Principal component analysis
Finally, we used principal component analysis (PCA) to screen the target genes associated with different pathological grades of HCC. As shown in Figure 5A, the calculated variances of the principal component (PC) 1, 2, and 3 equaled to 9.4%, 8.1%, and 6.3%, respectively. Based on the PC1/2 (Figure 5B) and PC1/2/3 (Figure 5C), we can effectively classificate the negative normal and overall HCC groups, but not the stage I, II, III-IV groups. Figure 5D shows the top 10 genes that contributing mainly to PC1 and PC2. We analyzed the expression level of these genes between HCC tissue and adjacent normal tissue, or in different pathological stages. As shown in Figure 5E-F, compared with normal tissue, the SLC27A5, ALDH2, and DCXR genes were down-regulated (P<0.0001), while LAMTOR4 (P =0.003), SNRPA (P <0.0001) SNRPD2 (P <0.0001) genes were highly expressed, in overall HCC tissues. In addition, the expression of the SLC27A5, ADAM17, SNRPA, SNRPD2, and ALDH2 genes was associated with different pathologic stages (Figure 5E-F).
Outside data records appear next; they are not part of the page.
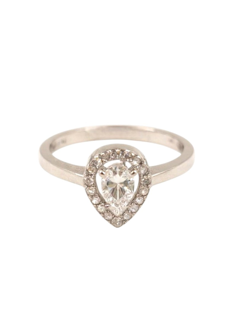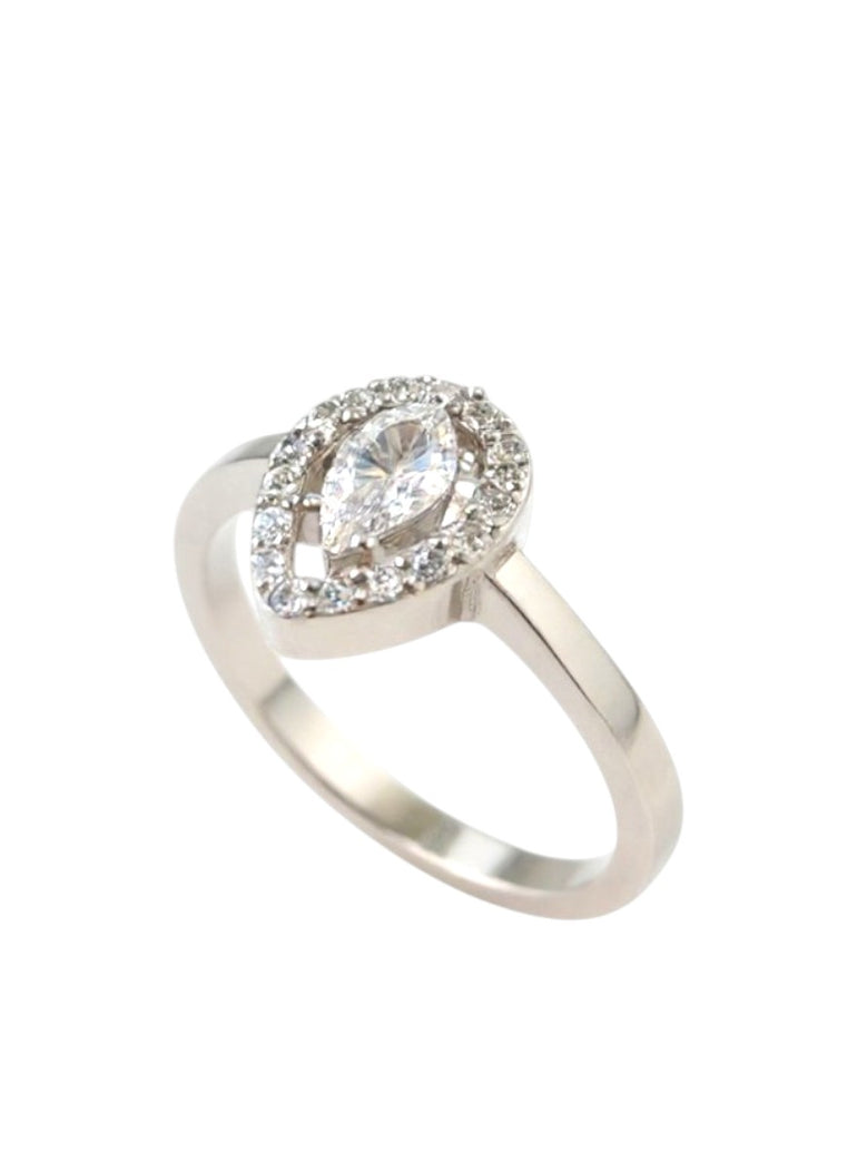 טבעת אלגנטית בעיצוב קלאסי ועדין, עם אבן מרכזית בצורת טיפה הפונה כלפי מטה, מוקפת הילה צפופה של זירקונים עגולים קטנים שמעניקים לה מסגרת בוהקת ונוצצת. גוף הטבעת חלק ונקי, בגימור מבריק שמבליט את המרכז ומשלים את המראה היוקרתי. העיצוב מתאים במיוחד למי שמעדיפה קווים ברורים ונוכחות עדינה אך מרשימה.
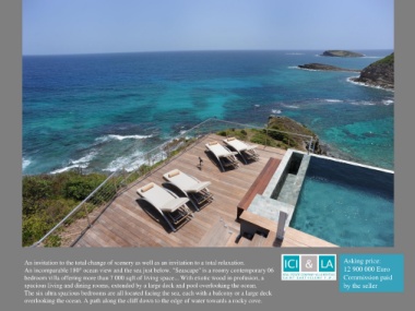 An incomparable 180° ocean view and the sea just below. "Seascape" is a roomy contemporary 06 12 900 000 Euro
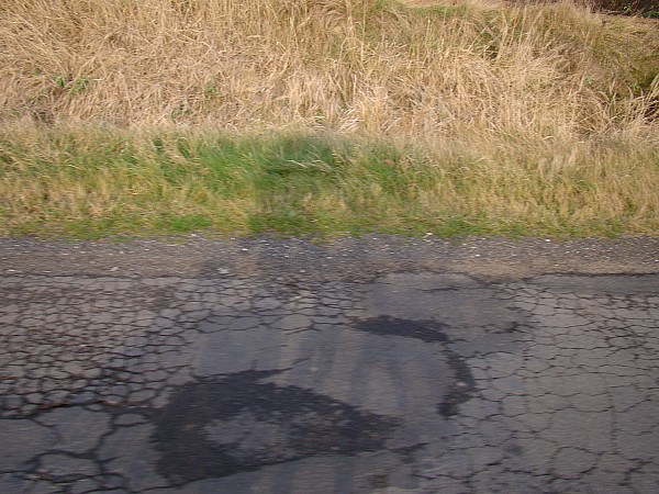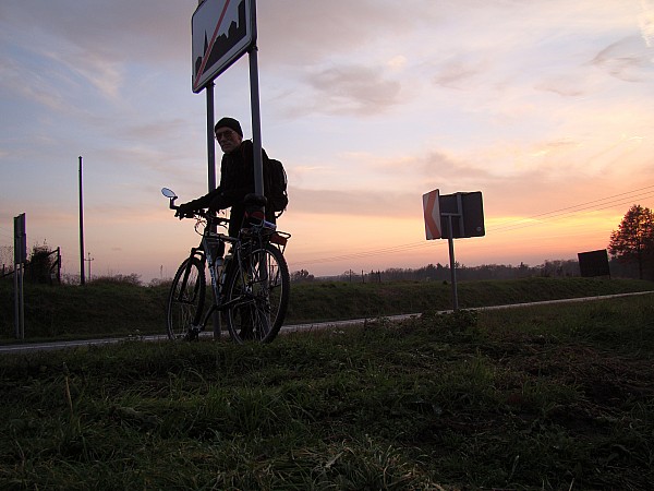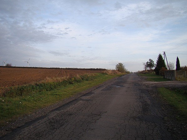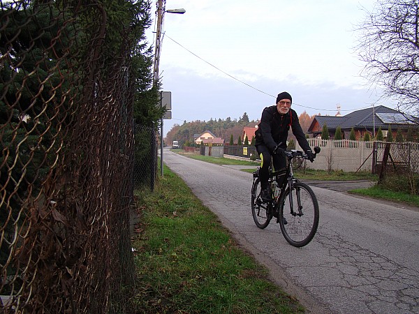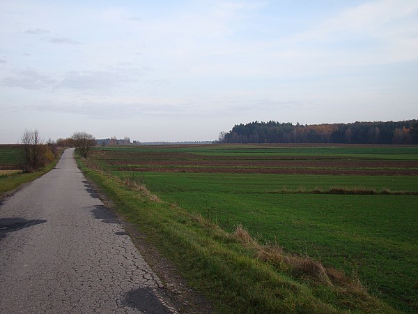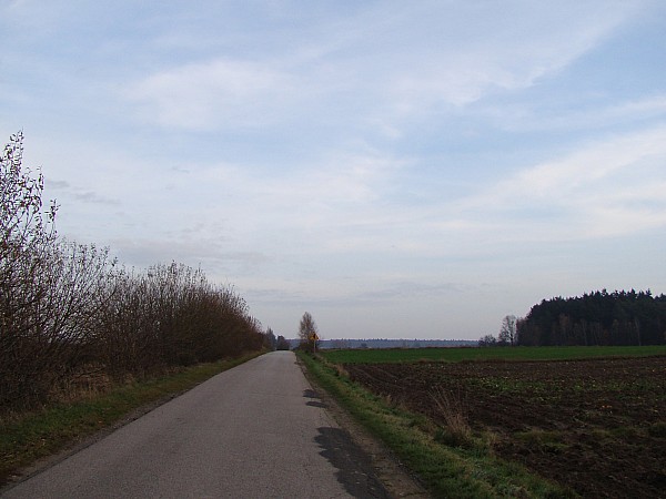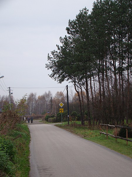 W Woli Cyrusowej dziękuję czarnemu szlakowi i ruszam w kierunku Kołacina. Już nie sam. Uwielbiający słoneczko towarzysz Cień nie
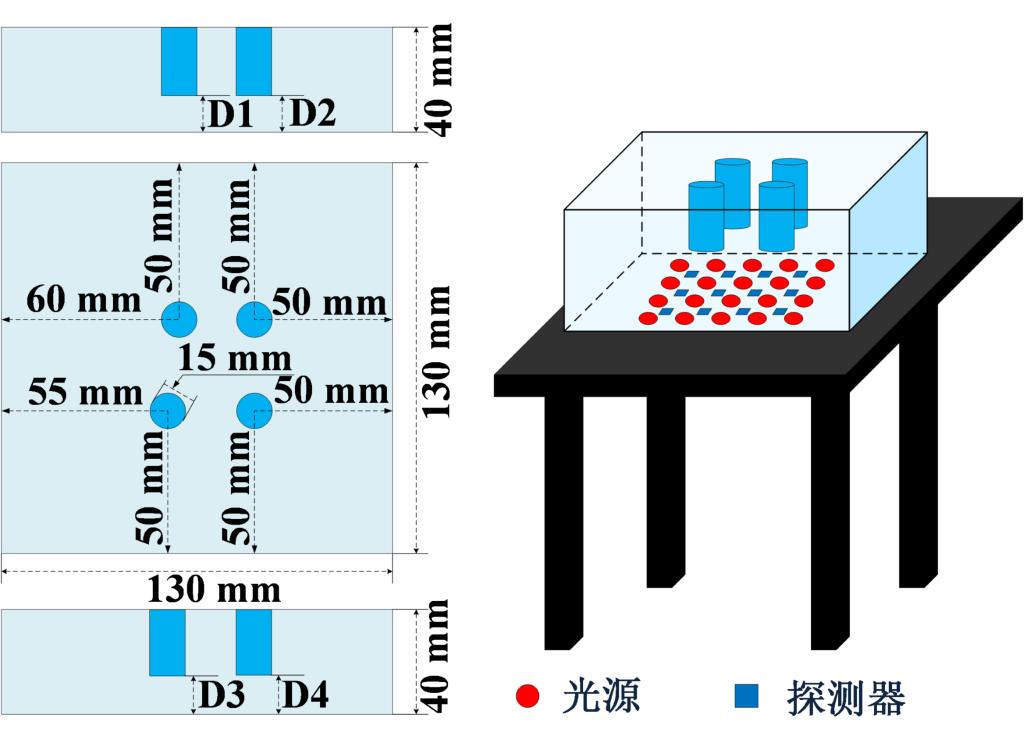 基于Brain-Explorer系统,本团队使用源-探交叠布配方式的实验装置(见图4)进行了静态实验(见图5、图6)以及动态实验研究(见图7),从而对本团队开发的锁相光子计数型fNIRS脑功能成像系统进行了成像能力评估。结果表明,Brain-Explorer系统可以在50ms积分时间下有效探测深度为12mm、对比度为1.1的兴奋变化,达到国际领先水平。同时,动态试验表明,本文所提出的近红外脑功能成像系统在并行测量的模式下具有良好的动态成像能力,并能从一定程度上说明其可用于追踪人脑内部兴奋变化过程。
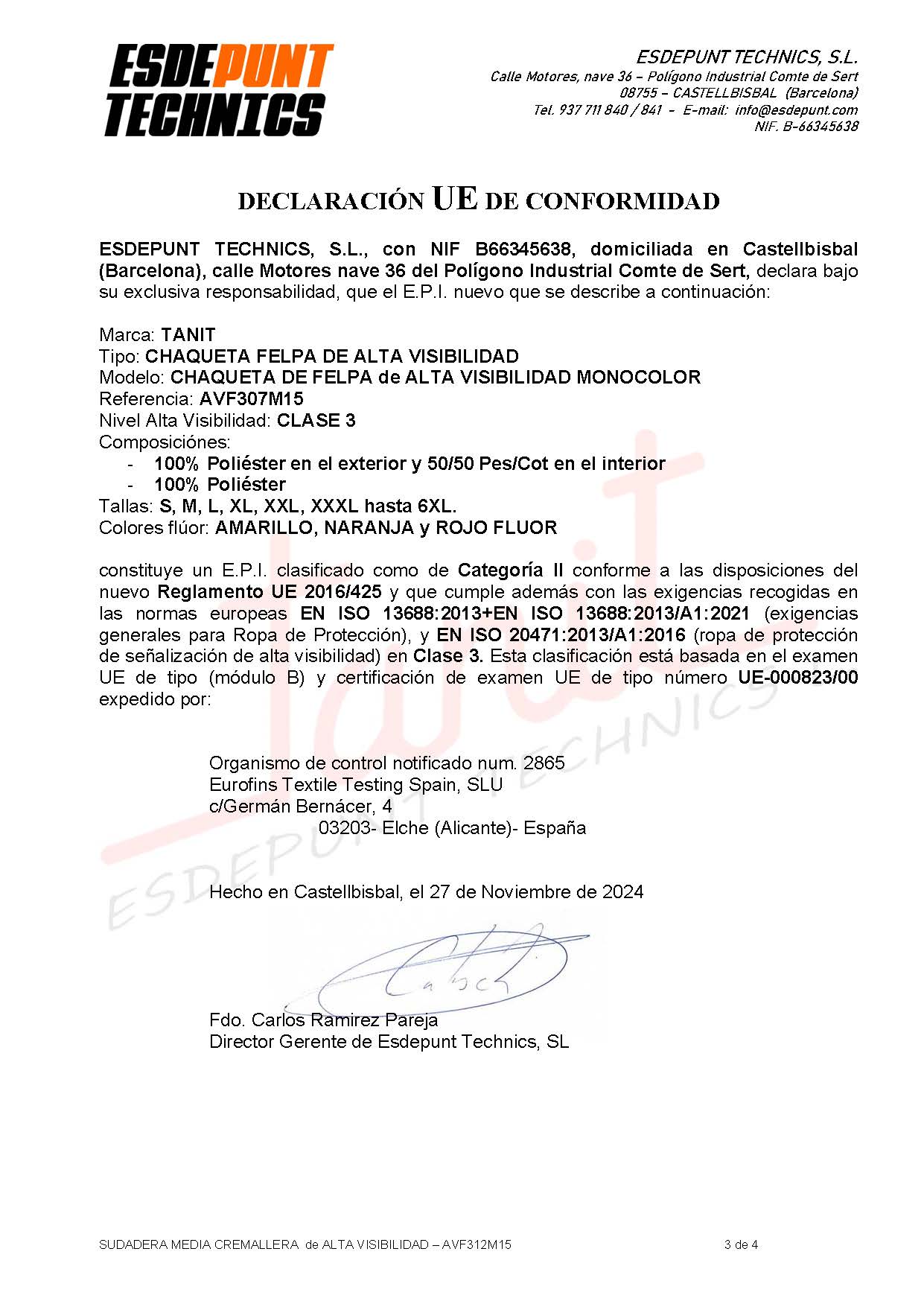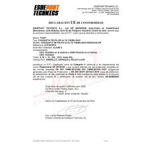Todos los Equipos de Protección Individual (EPI) que presentamos en este catálogo han sido fabricados teniendo en cuenta las exigencias esenciales de sanidad y seguridad contenidas en las normas europeas EN ISO 13688:2013+EN ISO 13688:2013/A1:2021 y en este caso, también la normativa EN ISO 20471:2013/A1:2016 para la alta visibilidad
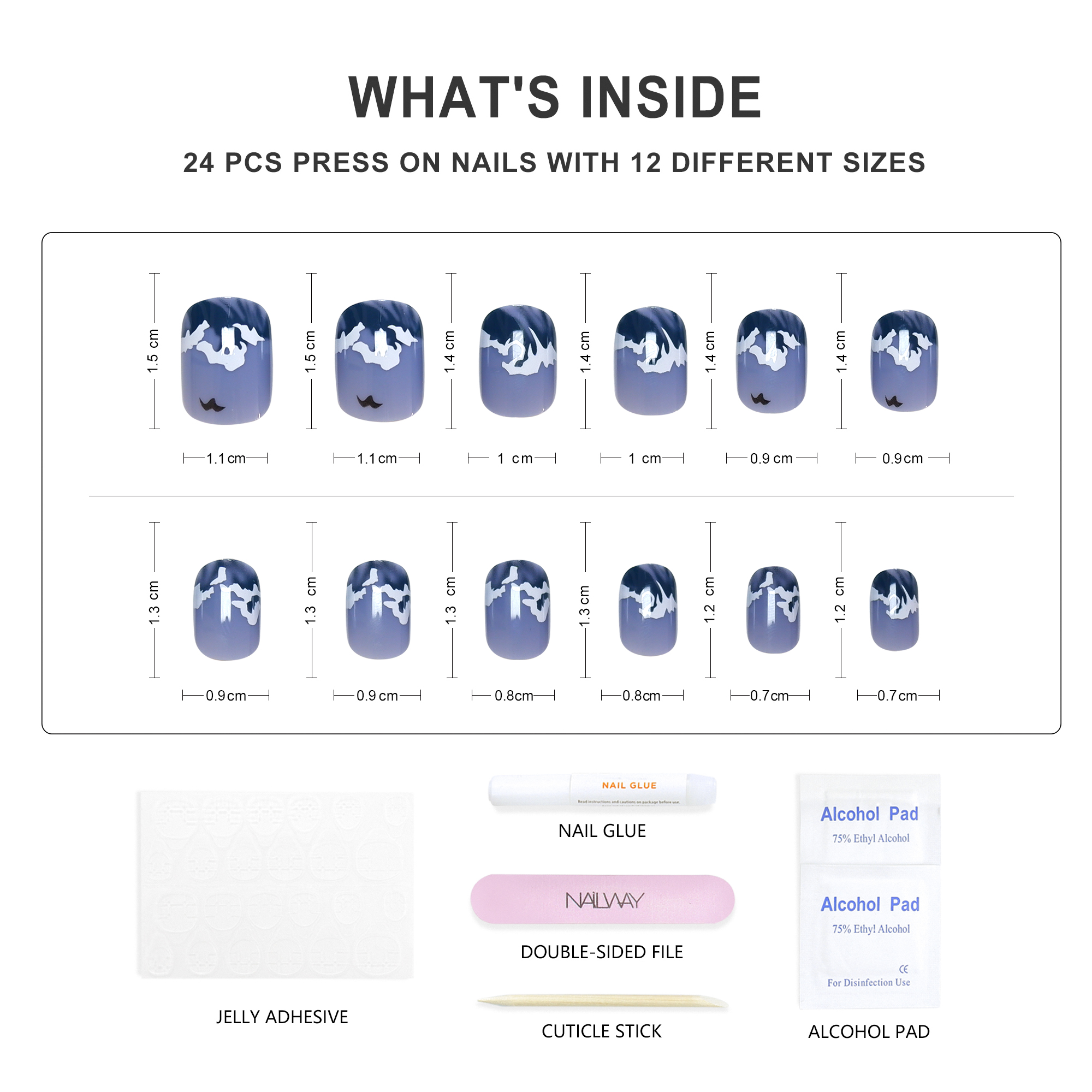 Product Name French Design Press On Nails Product Type Glossy Press On Nails Material High Quality Korea ABS Material Brand Name Nailway OEM/ODM Acceptable Application Fake Nails Size 12Sizes 24Pcs Shape Oval Package Including:24pcs nails + 24pcs glue stickers/nail glue+alcohol pad+stick+nail file. Packed by Nailway box. Delivery Time 3-20days flexible delivery time Features Salon effect, Easy to wear, Removable, Perfect size fitting, 100% No damage to real nails
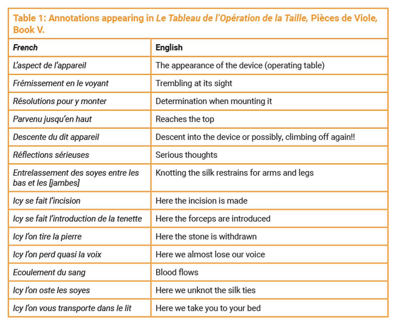 For analysis, the piece is easily divided into three sections: the preparation for the operation, the operation itself and the recovery or postoperative period. Also, within the music, Marais himself decided to actively distinguish and define the sections with descriptions. These were part of the performance, and each section was announced by a narrator during the piece (Table 1). These labels gave the audience context, describing each point in the operation. They link directly to and help to personify the experience of having the surgery, therefore telling a story, which was the composer’s whole aim. This was uncommon for this time.
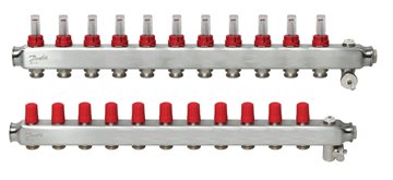 Fordelerrør eller manifold som det også kalde bruges til at fordele vandet til de enkelte kredse (rum) i anlægget. I fordelerrørene har indbygget ventiler, der muliggøre at indregulere vandmængden til de enkelte kredse (rum) samt at montere en telestat. Telestatens funktion er at åbne og lukke for vandgennemstrømningen.
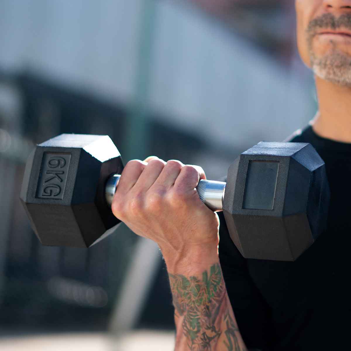 Entrena fuerza y tonificación con este Par de Mancuernas Hexagonales de Caucho de 6 kg cada una, para un total de 12 kg. Son ideales para rutinas de brazos, hombros, pecho, espalda y entrenamiento funcional, tanto en casa como en gimnasio.
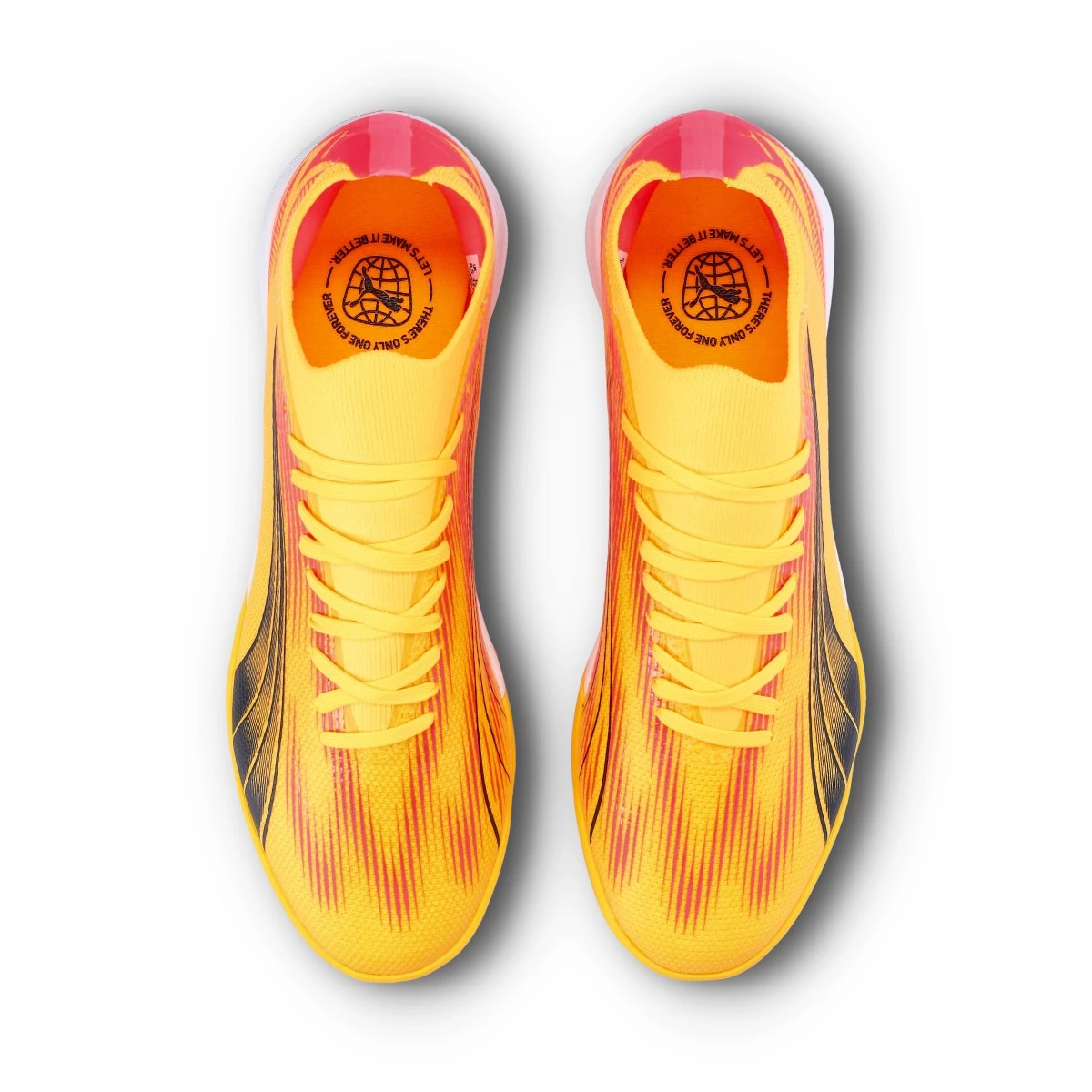 Chaussures de football Puma Ultra Match TT. Chaussures synthétiques à utiliser sur les terrains en gazon artificiel et en moquette. Chaussures de la gamme de base en couleur Yellow Blaze-White-Black.

HLivH060PG02 HCC cohort analysis
After the above analyses of TCGA cohort, we obtained a series of HCC pathological grade-associated genes. We further assessed the survival prognosis value and of these genes through GEO database (data not shown), and analyzed the research status of genes through the on-line PubMed database retrieval. Thus, seven interesting genes, including GAS2L3, CUZD1, SNRPA, SNPRD2, SEMA3F, IQCA1, OIT3, were screened out. We analyzed the expression difference of these genes between the HCC tissues and corresponding adjacent normal tissues, in the Chinese HLivH060PG02 HCC cohort. Unfortunately, due to the lower amplification efficiency of the IQCA1 and OIT3, we finally analyzed the remaining five genes, namely GAS2L3, CUZD1, SNRPA, SNPRD2, and SEMA3F. Figure 6A illustrates the correlation between GAS2L3, SNRPA, SNRPD2 and the prognosis of HCC, as example. As shown in Figure 6B, compared with adjacent normal tissues, we observed a highly expressed level of GAS2L3 (P =0.036), SNRPA (P<0.001), and SNRPD2 (P=0.002) genes in HCC tissues. Moreover, these three genes in pathologic stage III showed a higher expression trend then that in stage III, but statistical significance was only detected for the GAS2L3 gene (P=0.013). Considering the small sample size, we do not rule out the correlation between SNRPA, SNRPD2 genes and pathological stage of HCC.